YOUR INSTRUCTIONS: Everything from the line holding "- Mechanické spínače" through the final line of the entries below is to be written out exactly, and nothing more; leave out pictures.
════════════════════
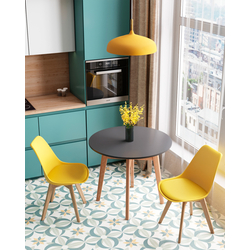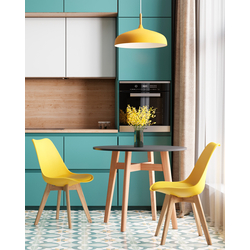 Стул Frankfurt желтый, сиденье из сочетания пластика и экокожи, ножки деревянные.
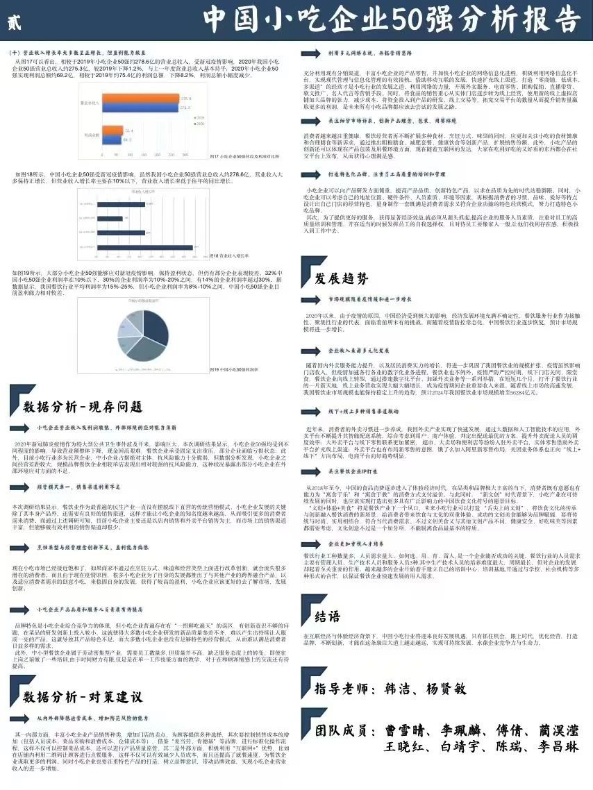 依托于此次餐饮数据报告的真实调研与中国烹饪协会的深入合作,借助学院“社会服务实践教学周”的良好契机,韩洁带领8名学生共同输出《中国小吃50强企业分析》的数据报告。
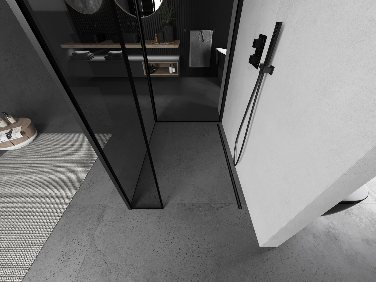 Mexen Kioto pregradna stena Walk-in 130 x 90 x 30 cm, črn okvir, črna - 800-130-090-221-70-70-030
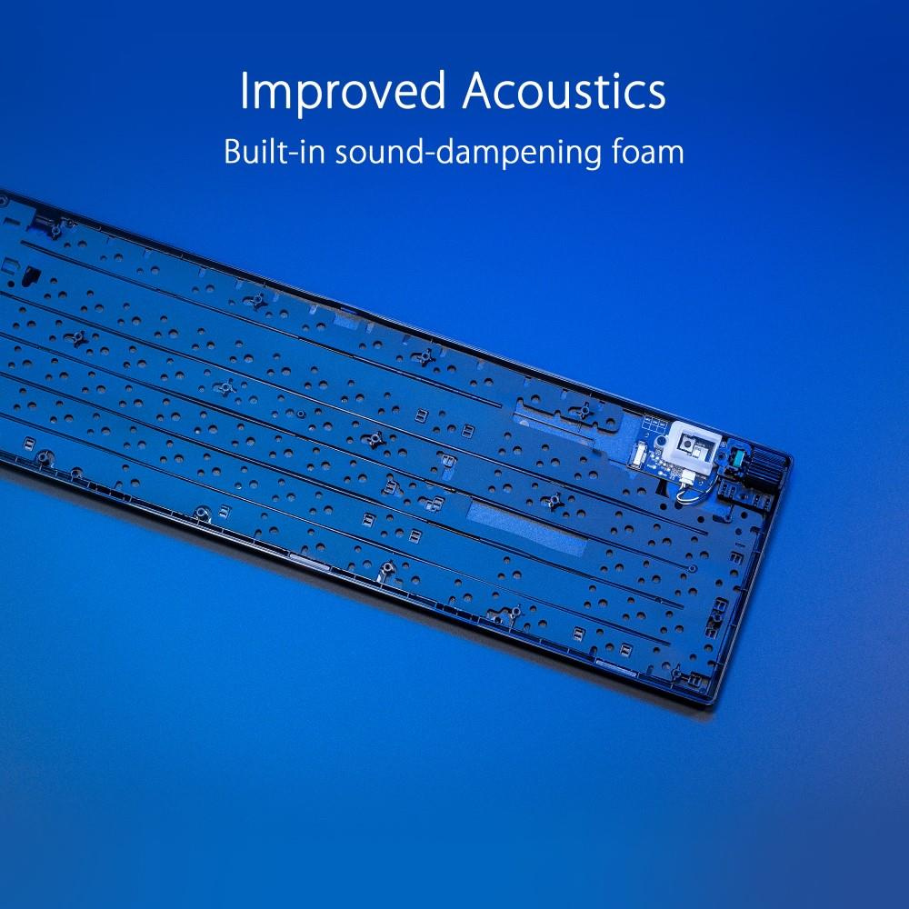 - Mechanické spínače ROG NX Red: Predpripravené lineárne spínače NX Snow a klikové spínače ROG NX Storm s dizajnom stopky na zvýšenie stability úderu a ladené na skvelú akustiku
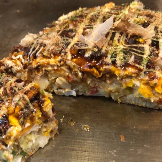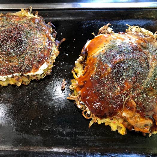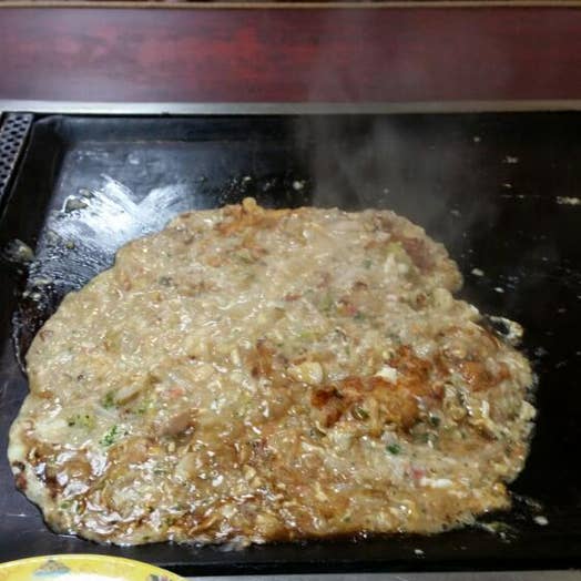 目玉焼きは注文すると目の前の鉄板で焼いてくれ、折り畳んで提供されました。
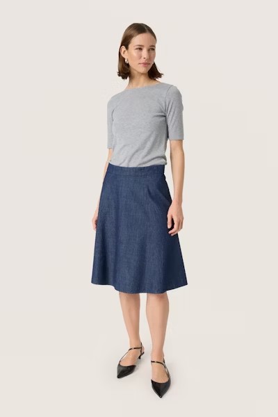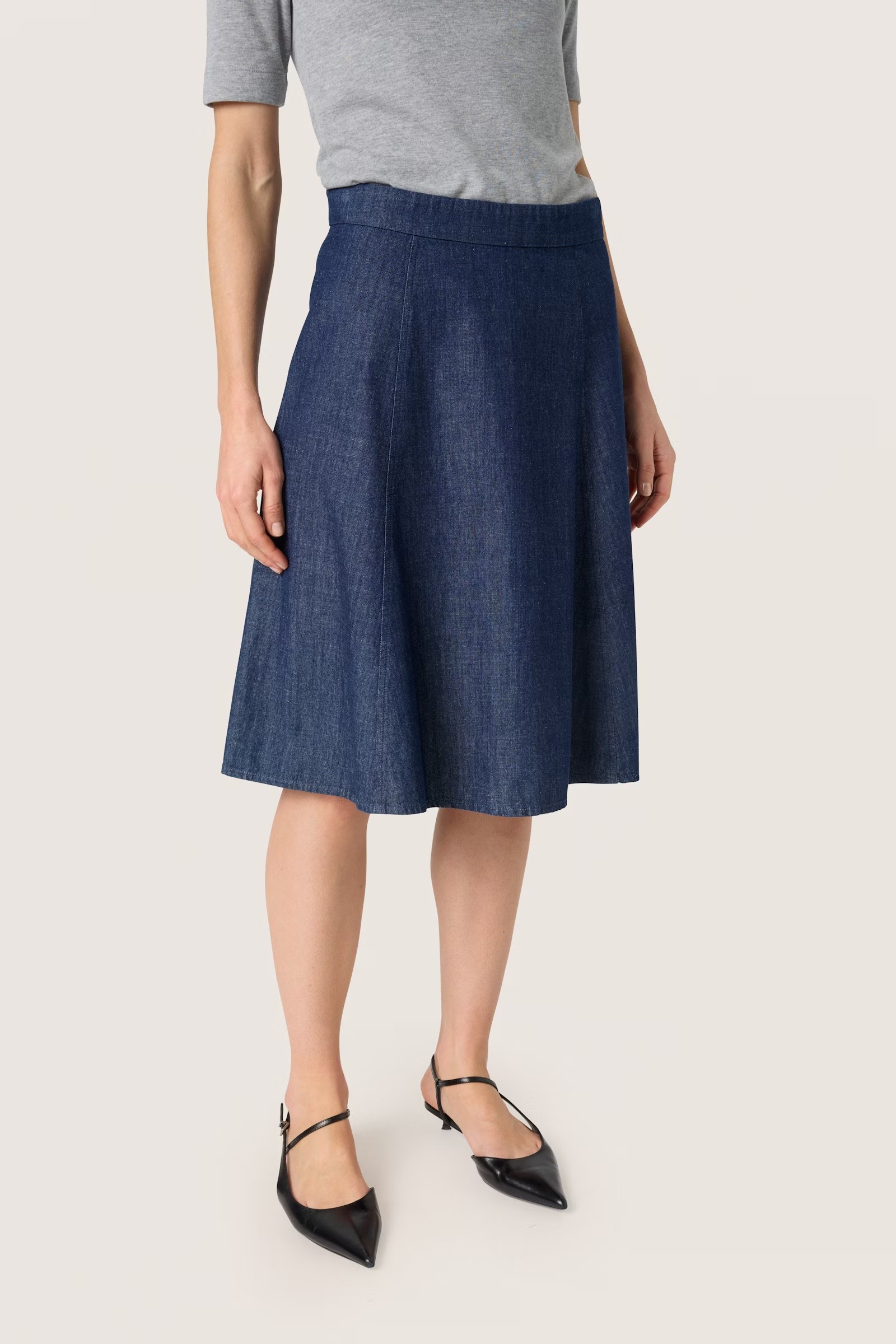 Falda vaquera clásica de la firma SOAKED de corte evasé en un azul atemporal. Diseñada con un ligero vuelo para una silueta favorecedora y un estilo desenfadado. Cuenta con cierre de cremallera en la espalda y está confeccionada en tejido suave.
════════════════════
FINISHED TASK:
 - Mechanické spínače ROG NX Red: Predpripravené lineárne spínače NX Snow a klikové spínače ROG NX Storm s dizajnom stopky na zvýšenie stability úderu a ladené na skvelú akustiku
 目玉焼きは注文すると目の前の鉄板で焼いてくれ、折り畳んで提供されました。
 Falda vaquera clásica de la firma SOAKED de corte evasé en un azul atemporal. Diseñada con un ligero vuelo para una silueta favorecedora y un estilo desenfadado. Cuenta con cierre de cremallera en la espalda y está confeccionada en tejido suave.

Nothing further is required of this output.